■ EXERCISE DATA
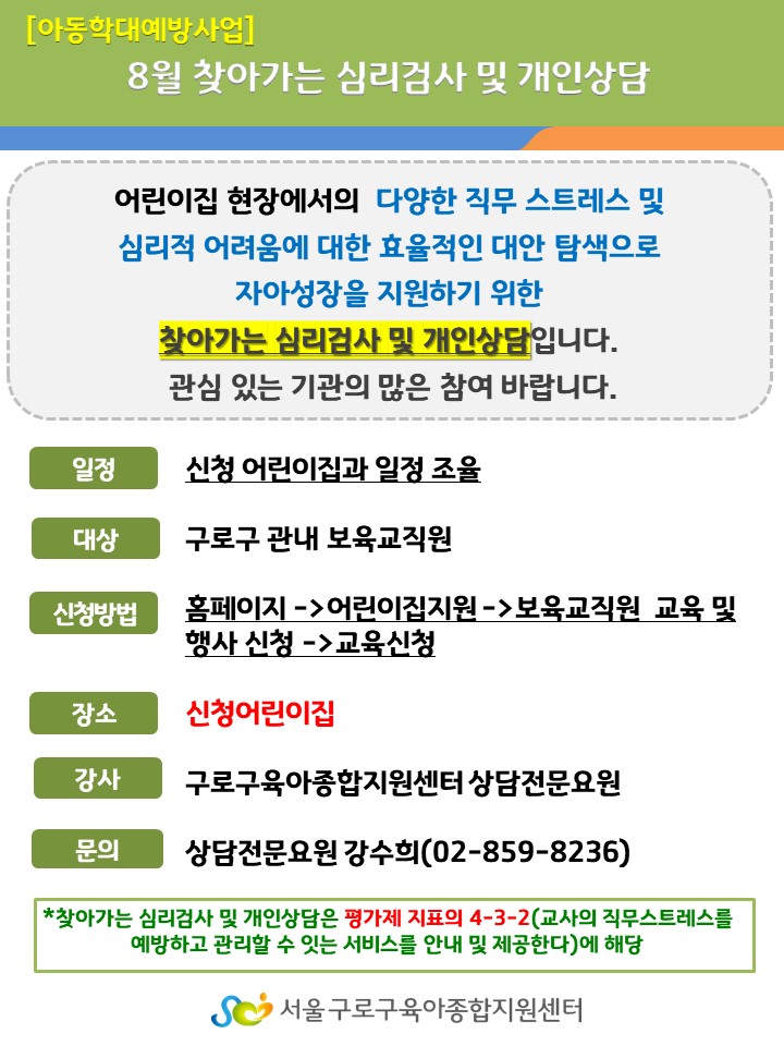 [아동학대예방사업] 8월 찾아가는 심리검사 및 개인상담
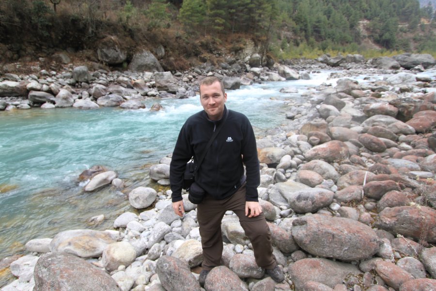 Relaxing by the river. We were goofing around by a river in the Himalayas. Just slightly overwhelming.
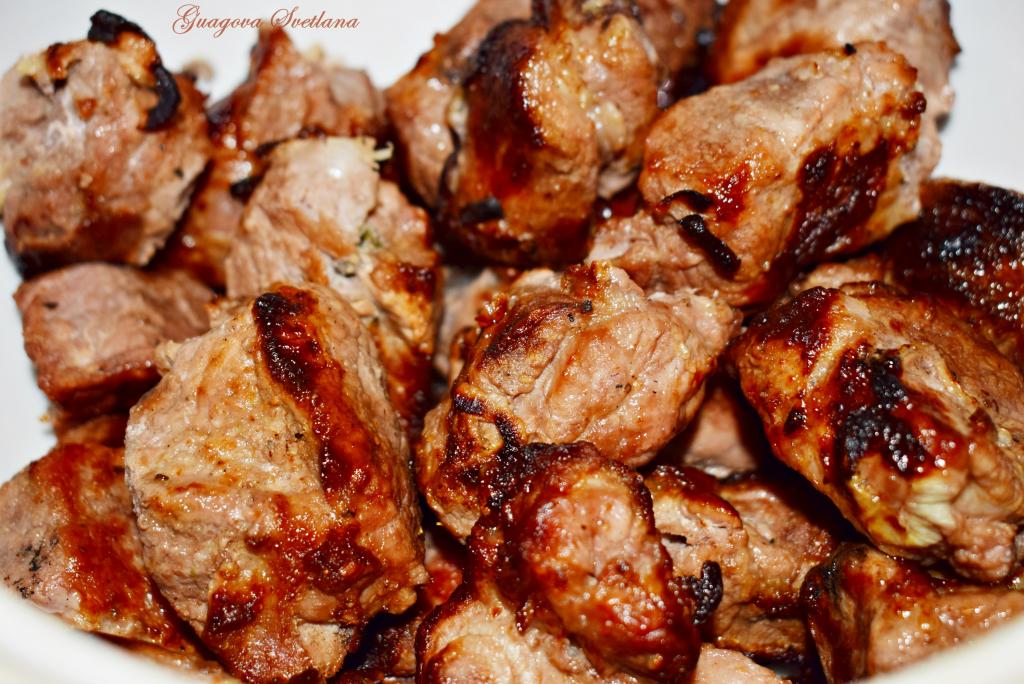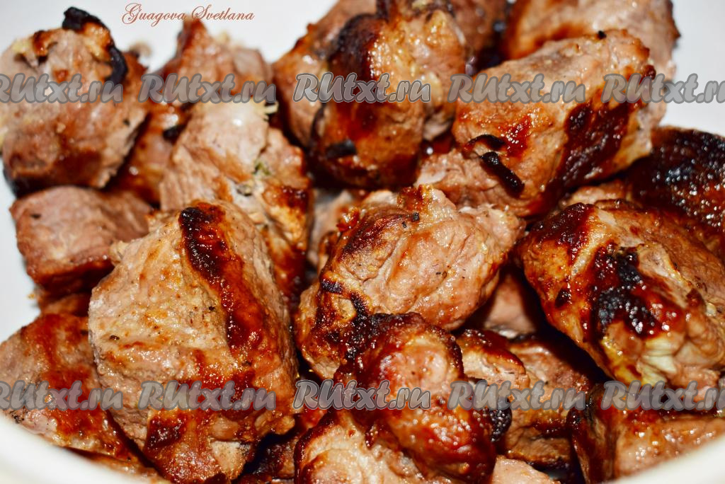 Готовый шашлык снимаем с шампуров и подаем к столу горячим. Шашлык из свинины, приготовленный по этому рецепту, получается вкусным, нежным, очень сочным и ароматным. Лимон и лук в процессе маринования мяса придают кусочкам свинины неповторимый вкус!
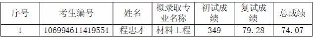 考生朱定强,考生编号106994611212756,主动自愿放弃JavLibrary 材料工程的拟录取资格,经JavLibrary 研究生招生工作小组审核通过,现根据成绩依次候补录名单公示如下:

...

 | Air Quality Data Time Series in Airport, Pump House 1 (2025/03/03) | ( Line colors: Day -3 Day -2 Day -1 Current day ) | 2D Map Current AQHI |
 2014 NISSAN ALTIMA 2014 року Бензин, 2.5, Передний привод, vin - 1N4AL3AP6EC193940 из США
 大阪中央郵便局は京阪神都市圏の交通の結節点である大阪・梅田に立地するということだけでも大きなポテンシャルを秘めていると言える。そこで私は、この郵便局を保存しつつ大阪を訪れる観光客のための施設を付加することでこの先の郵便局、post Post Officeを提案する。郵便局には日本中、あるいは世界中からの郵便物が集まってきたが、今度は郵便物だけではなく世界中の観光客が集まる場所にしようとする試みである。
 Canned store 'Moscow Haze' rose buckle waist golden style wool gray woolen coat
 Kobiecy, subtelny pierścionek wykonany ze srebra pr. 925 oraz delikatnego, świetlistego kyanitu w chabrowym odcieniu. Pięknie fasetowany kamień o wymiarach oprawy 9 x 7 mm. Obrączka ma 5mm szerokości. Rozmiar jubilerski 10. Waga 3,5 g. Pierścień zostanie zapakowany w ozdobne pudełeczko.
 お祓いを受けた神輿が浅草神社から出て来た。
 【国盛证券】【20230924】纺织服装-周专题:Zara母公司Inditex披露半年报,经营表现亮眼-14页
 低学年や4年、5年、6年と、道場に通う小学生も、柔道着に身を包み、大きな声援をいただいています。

==

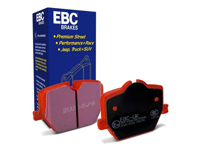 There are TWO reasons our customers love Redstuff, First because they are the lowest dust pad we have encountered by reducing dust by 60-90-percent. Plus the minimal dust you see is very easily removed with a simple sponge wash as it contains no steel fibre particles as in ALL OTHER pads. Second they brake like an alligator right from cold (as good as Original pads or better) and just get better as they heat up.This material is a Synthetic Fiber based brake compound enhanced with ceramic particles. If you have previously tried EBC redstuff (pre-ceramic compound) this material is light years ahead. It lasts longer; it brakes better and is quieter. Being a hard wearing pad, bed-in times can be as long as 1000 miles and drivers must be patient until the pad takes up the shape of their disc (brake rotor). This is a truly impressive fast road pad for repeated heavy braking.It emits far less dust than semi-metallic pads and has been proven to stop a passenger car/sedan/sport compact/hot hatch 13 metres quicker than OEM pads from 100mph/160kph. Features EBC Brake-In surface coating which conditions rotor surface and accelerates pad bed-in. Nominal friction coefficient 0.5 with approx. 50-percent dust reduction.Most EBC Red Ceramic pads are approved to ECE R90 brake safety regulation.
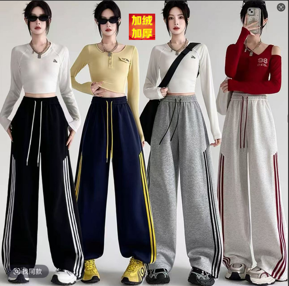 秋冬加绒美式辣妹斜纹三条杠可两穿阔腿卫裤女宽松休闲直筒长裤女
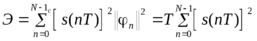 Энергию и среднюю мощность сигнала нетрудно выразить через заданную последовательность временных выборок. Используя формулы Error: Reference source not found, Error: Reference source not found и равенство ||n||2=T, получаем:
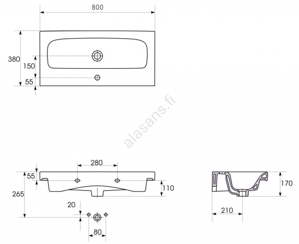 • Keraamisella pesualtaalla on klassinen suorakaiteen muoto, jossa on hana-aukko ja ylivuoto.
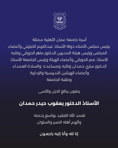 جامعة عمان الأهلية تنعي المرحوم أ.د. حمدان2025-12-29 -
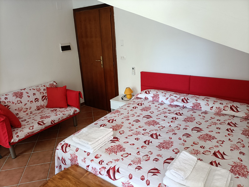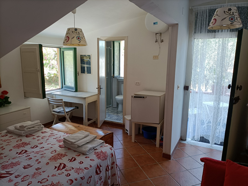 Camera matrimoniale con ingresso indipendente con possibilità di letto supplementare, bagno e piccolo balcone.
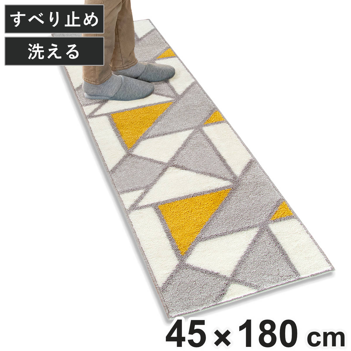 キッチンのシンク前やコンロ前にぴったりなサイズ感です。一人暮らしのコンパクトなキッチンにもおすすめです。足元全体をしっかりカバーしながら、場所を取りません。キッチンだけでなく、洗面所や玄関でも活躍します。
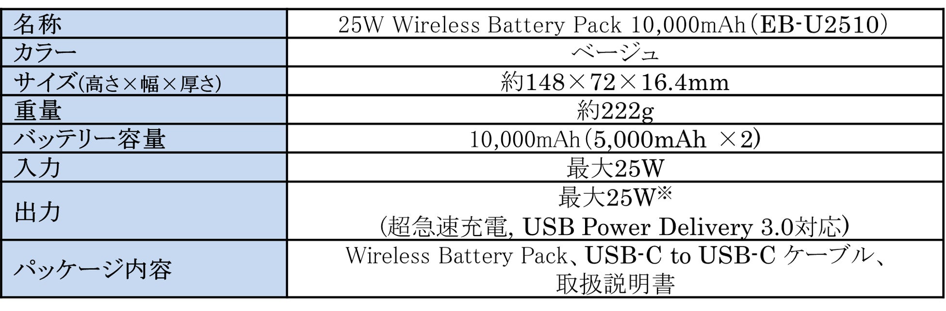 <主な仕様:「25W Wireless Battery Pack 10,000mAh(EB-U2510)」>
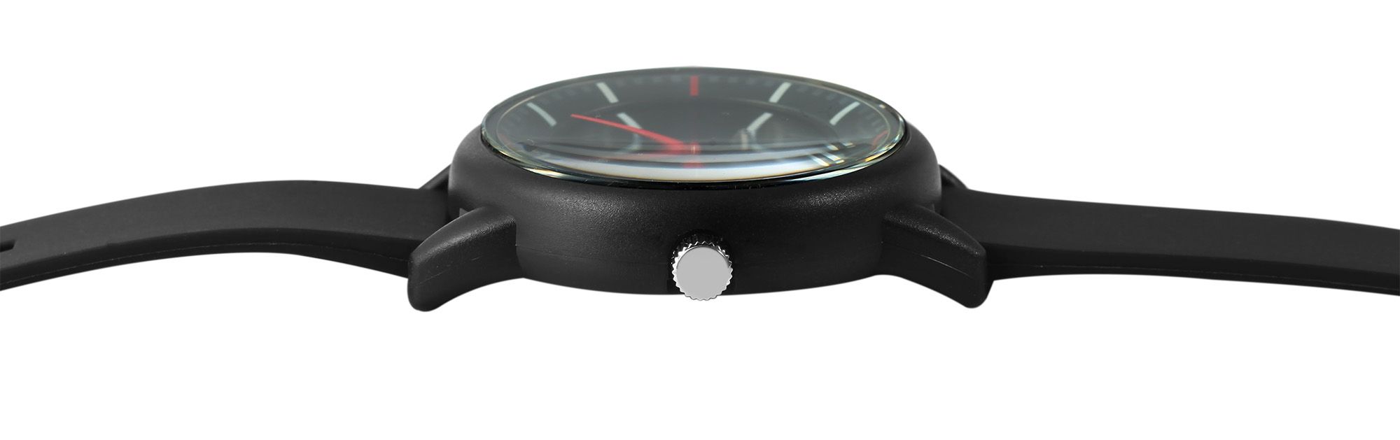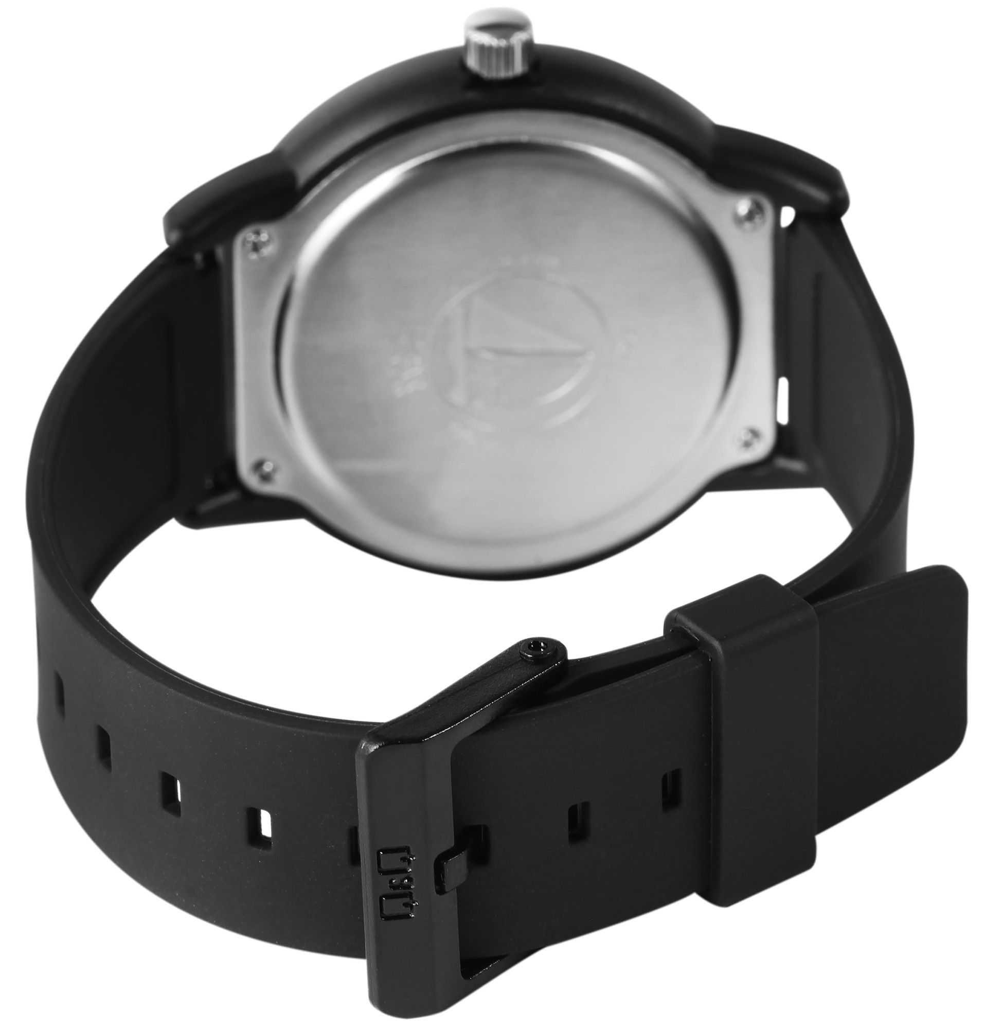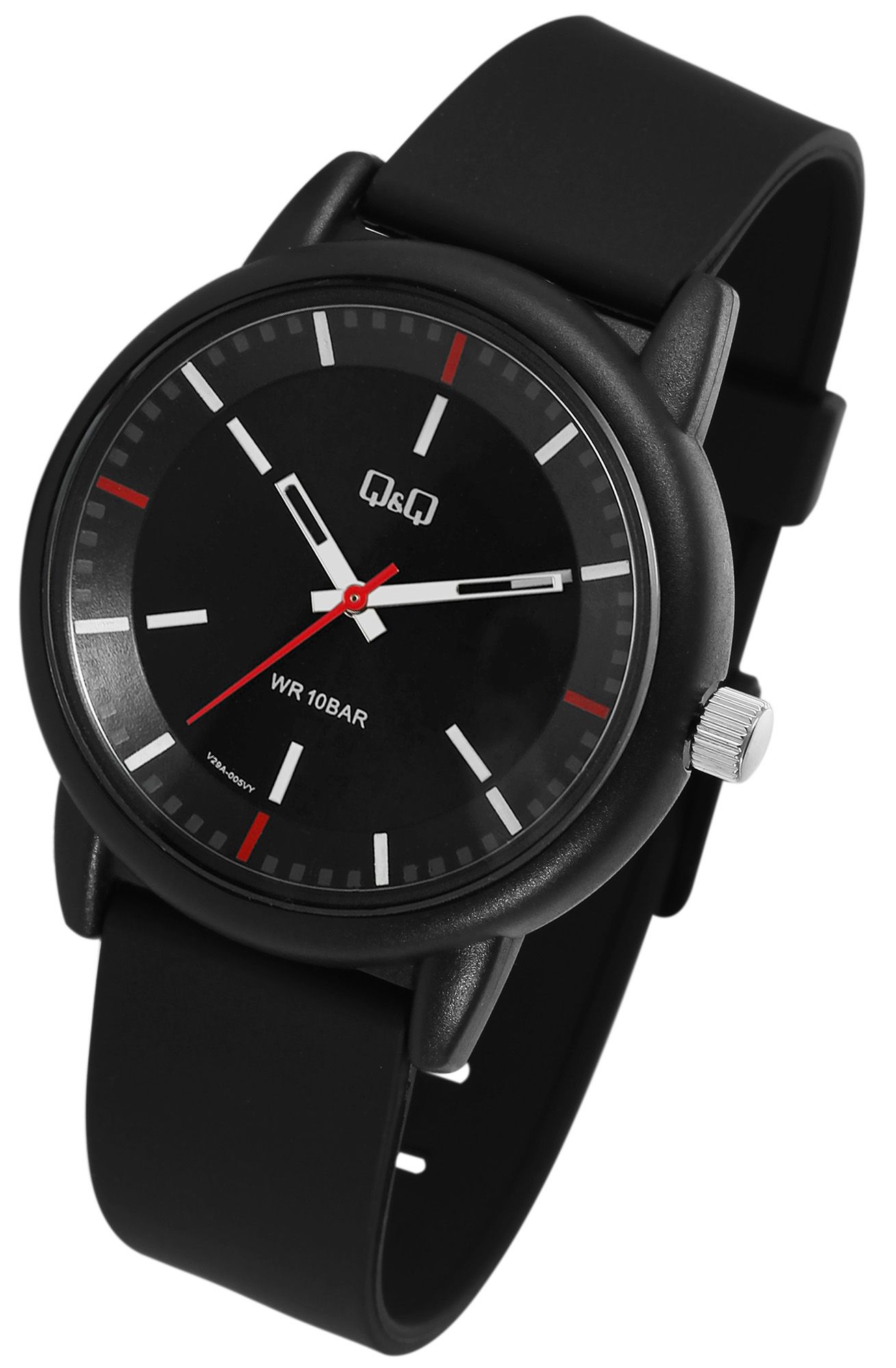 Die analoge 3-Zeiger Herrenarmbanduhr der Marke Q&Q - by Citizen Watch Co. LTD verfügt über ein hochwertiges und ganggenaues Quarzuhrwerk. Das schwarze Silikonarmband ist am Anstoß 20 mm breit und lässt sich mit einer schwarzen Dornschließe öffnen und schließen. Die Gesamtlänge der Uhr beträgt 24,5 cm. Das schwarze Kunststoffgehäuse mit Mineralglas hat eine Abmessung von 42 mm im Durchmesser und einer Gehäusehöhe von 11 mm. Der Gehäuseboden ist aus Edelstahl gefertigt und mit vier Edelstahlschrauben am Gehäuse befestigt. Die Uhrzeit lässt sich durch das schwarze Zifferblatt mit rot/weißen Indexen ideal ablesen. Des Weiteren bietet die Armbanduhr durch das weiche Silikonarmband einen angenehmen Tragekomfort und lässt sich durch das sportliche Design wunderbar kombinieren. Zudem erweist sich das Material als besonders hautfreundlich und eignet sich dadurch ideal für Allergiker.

■ THE PROBLEM
Starting at the line above that holds "キッチンのシンク前やコンロ前", repeat every line exactly down to and including the line that holds "Die analoge 3-Zeiger", then stop. Do not carry over any pictures.

■ RESULT FOR THIS EXERCISE
 キッチンのシンク前やコンロ前にぴったりなサイズ感です。一人暮らしのコンパクトなキッチンにもおすすめです。足元全体をしっかりカバーしながら、場所を取りません。キッチンだけでなく、洗面所や玄関でも活躍します。
 <主な仕様:「25W Wireless Battery Pack 10,000mAh(EB-U2510)」>
 Die analoge 3-Zeiger Herrenarmbanduhr der Marke Q&Q - by Citizen Watch Co. LTD verfügt über ein hochwertiges und ganggenaues Quarzuhrwerk. Das schwarze Silikonarmband ist am Anstoß 20 mm breit und lässt sich mit einer schwarzen Dornschließe öffnen und schließen. Die Gesamtlänge der Uhr beträgt 24,5 cm. Das schwarze Kunststoffgehäuse mit Mineralglas hat eine Abmessung von 42 mm im Durchmesser und einer Gehäusehöhe von 11 mm. Der Gehäuseboden ist aus Edelstahl gefertigt und mit vier Edelstahlschrauben am Gehäuse befestigt. Die Uhrzeit lässt sich durch das schwarze Zifferblatt mit rot/weißen Indexen ideal ablesen. Des Weiteren bietet die Armbanduhr durch das weiche Silikonarmband einen angenehmen Tragekomfort und lässt sich durch das sportliche Design wunderbar kombinieren. Zudem erweist sich das Material als besonders hautfreundlich und eignet sich dadurch ideal für Allergiker.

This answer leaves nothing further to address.